**** DATA FOR THIS EXERCISE
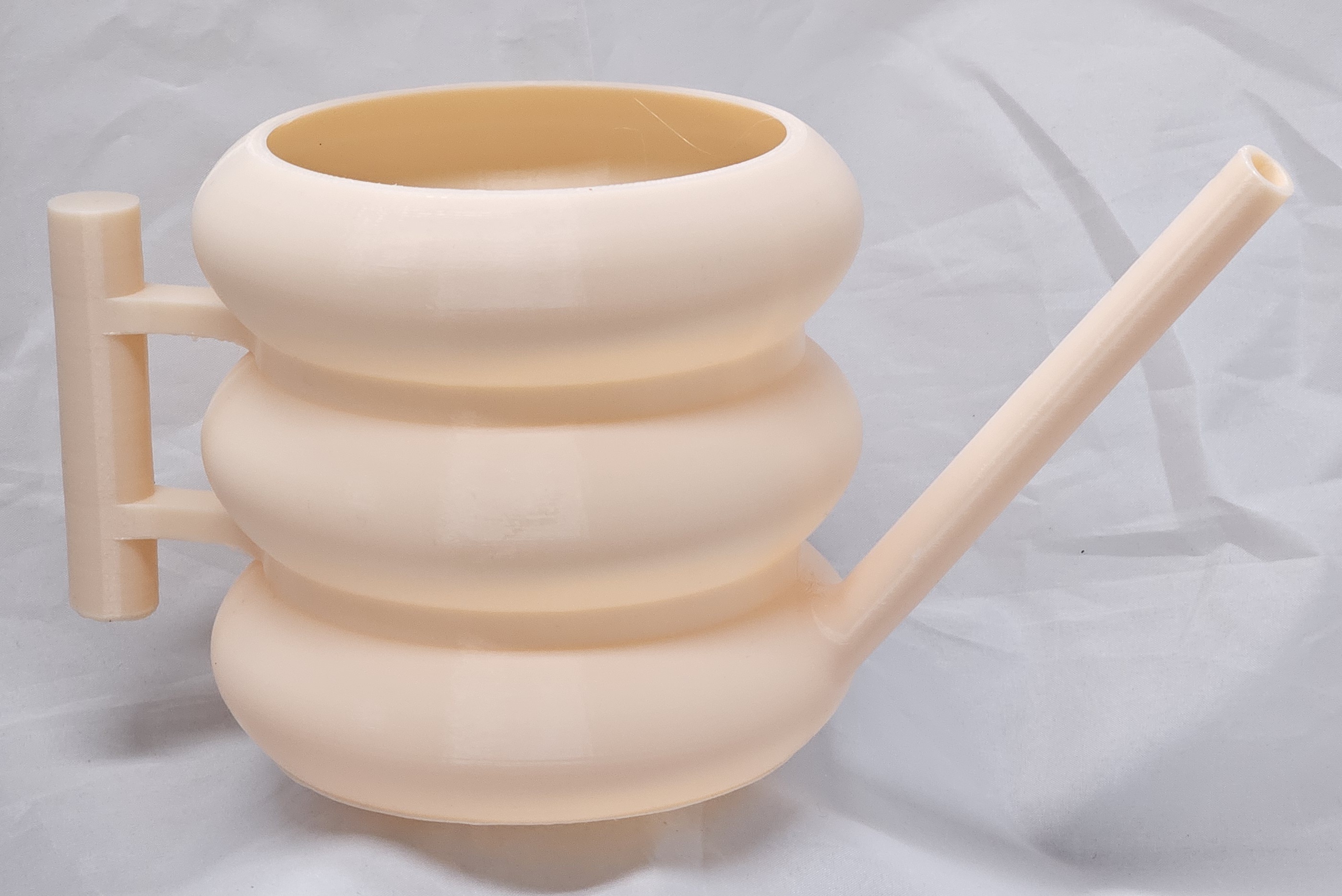 These 3D printed watering can is designed by Modern Machine. The light peach color is modern and useful for home or garden plant needs. It has been tested and does hold water to allow plant watering.
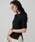 大人の余裕を醸し出す、リブ編みニットポロシャツ
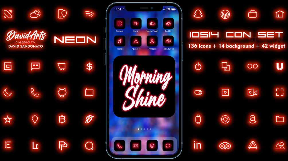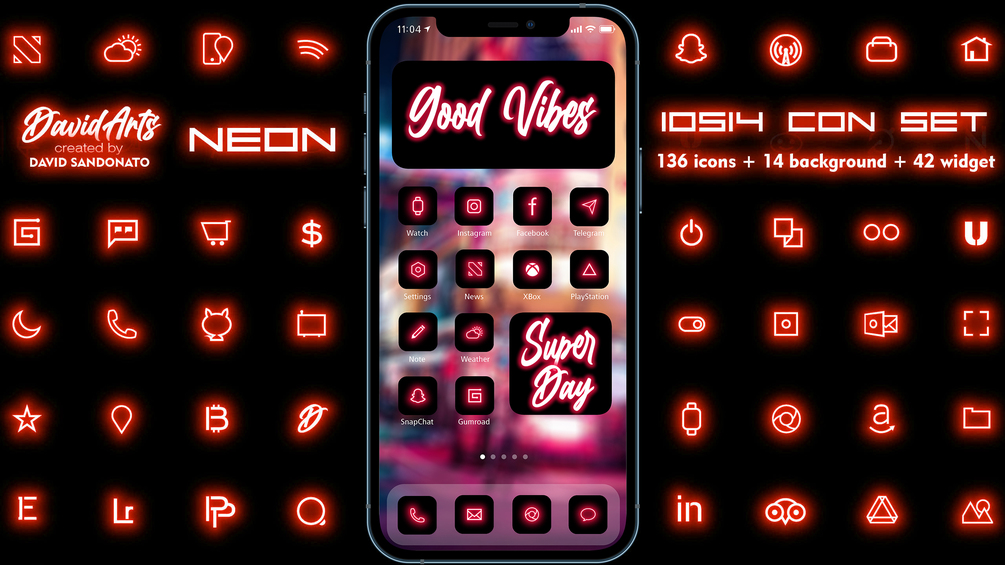 I have designed this ultra NEON Minimal Red tone iOS14 Icon Set that includes 136 icons , 14 backgrounds and 42 widget photo backgrounds to customize your iPhone homescreen. There are also several kind of motivational quote widget background for a super delicate and clean look.
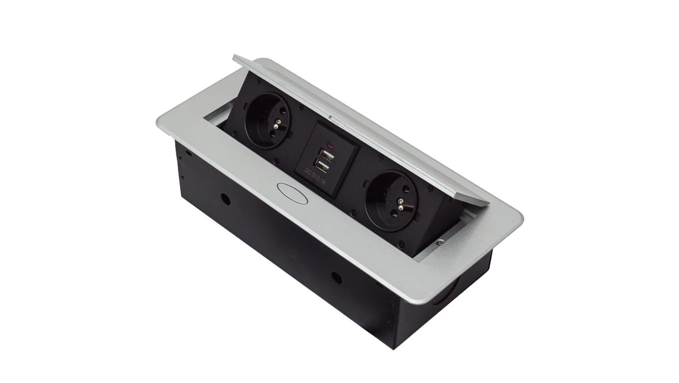 GNIAZDO CHOWANE W BLAT NABLATOWE + 2 USB GNIAZDKO srebrne GB2PL+2-SILVER
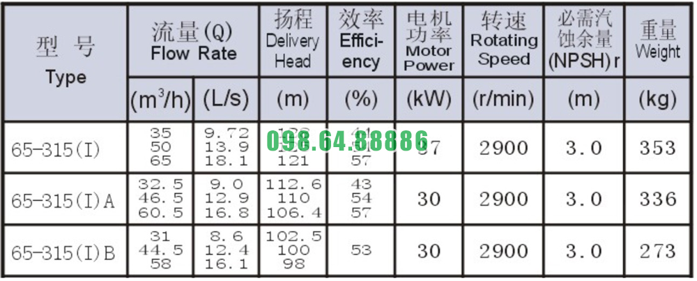 Bảng thông số kỹ thuật bơm li tâm trục ngang model SLW65-ISW65-315-I công suất 18.1 L/s
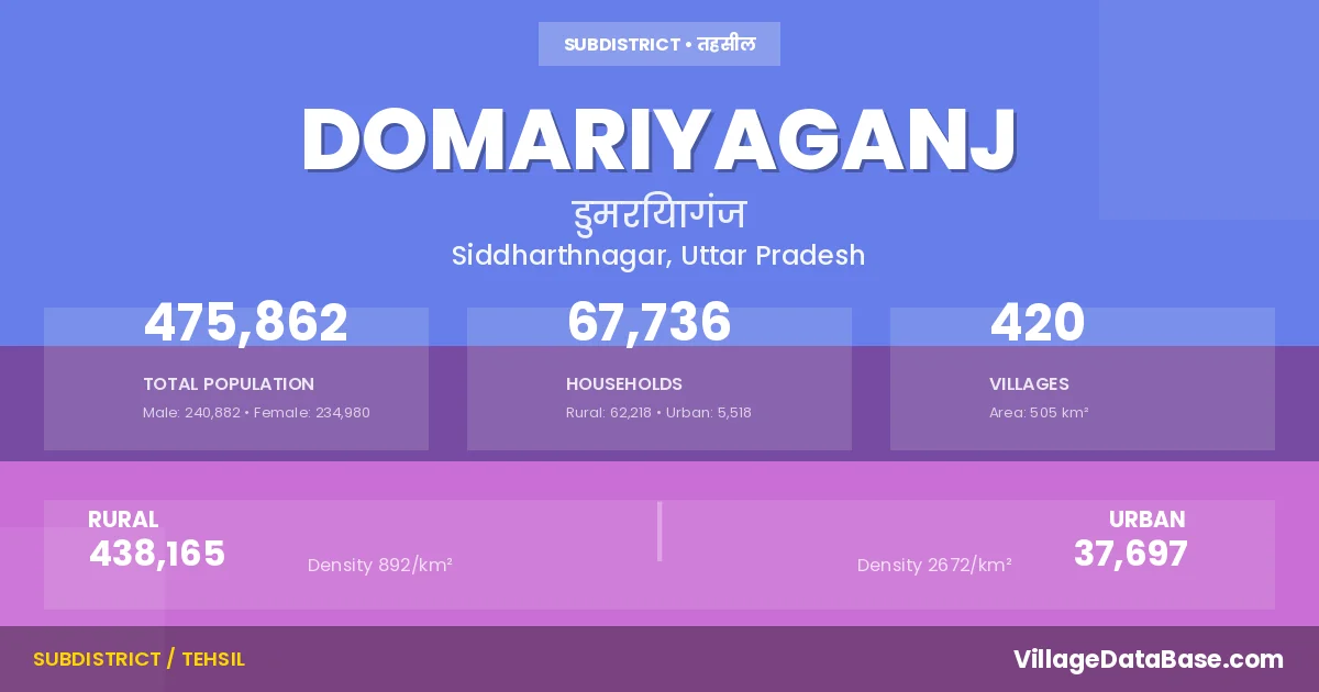 According to the 2011 census The total area of Domariyaganj Tehsil is 505 km², with a population of 475862 people. The population density is 941 inhabitants per square kilometre, and there are approximately 67736 houses in the sub district.
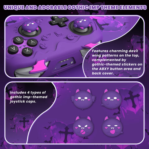 6. Each set also includes imp-style thumbstick caps, GL/GR silicone back-button covers, and matching stickers for the back and button area. Together they upgrade traction, make rear button presses smoother, and finish off a unified Gothic Imp theme for Nintendo Switch 2 Pro controller.
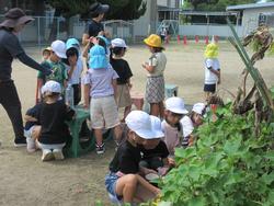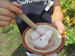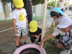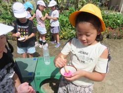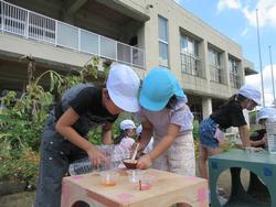 この日は再び色水遊びが再燃!花壇の綿も使って工夫して遊んでいましたよ!
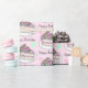 Pink and green birthday cake, flowers, roses, butterfly and polka dots Birthday gift wrap.
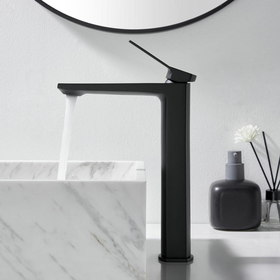 Badezimmer Waschbecken Wasserhahn Matt Schwarz Hoher Wasserhahn für Schiff Waschbecken, Einzelgriff
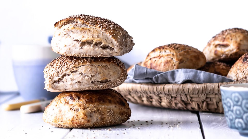 Surdejsboller er nok det bedste, der er sket i min brødbagning i – en evighed eller måske bare altid. Surdej giver så meget smag, brødets krumme bliver super sej og saftig på den helt rigtig emåde, og derudover er surdejsbrød bare nemmere at fordøje end almindeligt gærbrød.
********
▸ **EXERCISE**: Pictures excluded, reproduce only the part above that opens with the line holding "6. Each set" and closes with the line holding "Badezimmer Waschbecken Wasserhahn", exactly as written.

▸ **RESPONSE AREA**:
 6. Each set also includes imp-style thumbstick caps, GL/GR silicone back-button covers, and matching stickers for the back and button area. Together they upgrade traction, make rear button presses smoother, and finish off a unified Gothic Imp theme for Nintendo Switch 2 Pro controller.
 この日は再び色水遊びが再燃!花壇の綿も使って工夫して遊んでいましたよ!
 Pink and green birthday cake, flowers, roses, butterfly and polka dots Birthday gift wrap.
 Badezimmer Waschbecken Wasserhahn Matt Schwarz Hoher Wasserhahn für Schiff Waschbecken, Einzelgriff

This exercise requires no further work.